Yes. And yes, it can be lonley. As someone else said, infants are honestly a bit boring. It sounds like you'd be happier working full time. No shame in that game.


Yes you’d be happier at work with cool/ interesting co-workers who you’ll have lunch/drinks with.
Anonymous
If it helps, I also found that 15 months was sort of a turning point for when my kid got way way more interactive and I craved other adult company less during the day. But yeah I’m happier working full time and am a better, more present parent when I do so. No shame in that.
Anonymous
I can completely understand wanting adult interaction on a frequent basis. But 9 months is a tough stage because with two naps the time to meet up is limited and I agree with others that mornings are the most popular times. I've seen it work where there is a few SAHMs that live within walking distance and can meet up without much planning. If there's a regular time to meet usually 2-3 of the mom's can make it. But planning playdates at this age is just tough, especially if it requires getting in a car or going far.
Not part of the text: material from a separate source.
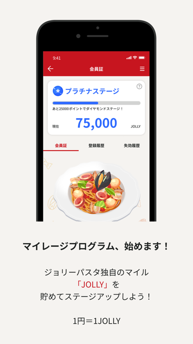 メニュー表やクーポンなどをチェックできるジョリーパスタの公式アプリ。ジョリーパスタのレシートをこのアプリに読み込むことで、ポイント(以下:JOLLY)をためられます。JOLLYをためてステージをアップさせると、さらにお得なクーポンをゲットできて便利ですよ。

Something that helped me was having a regular weekly zoom session with friends on a weekly basis. Usually at least someone could make it so I could have a meaningful conversation with a close friend.
Anonymous
How hard are you trying to make playground friends? During the pandemic we went to the playground every day at the same time and made friends that we would see a few times per week there.
Anonymous
Anonymous wrote:
Anonymous wrote:Can you switch your work schedule? Mornings really are the best time.

I think it is also a bit unusual to want adult interaction from friends every single day. I’m not judging it, I just think that fir many people once or twice a week is good. What about finding an afternoon sitter once a week and join an activity you enjoy just for adults?


Hmmm, so do other people have several days per week when they just interact with their kids and spouse (and maybe small talk with the sitter or cashier or another parent at the park)? And it doesn't feel lonely for them?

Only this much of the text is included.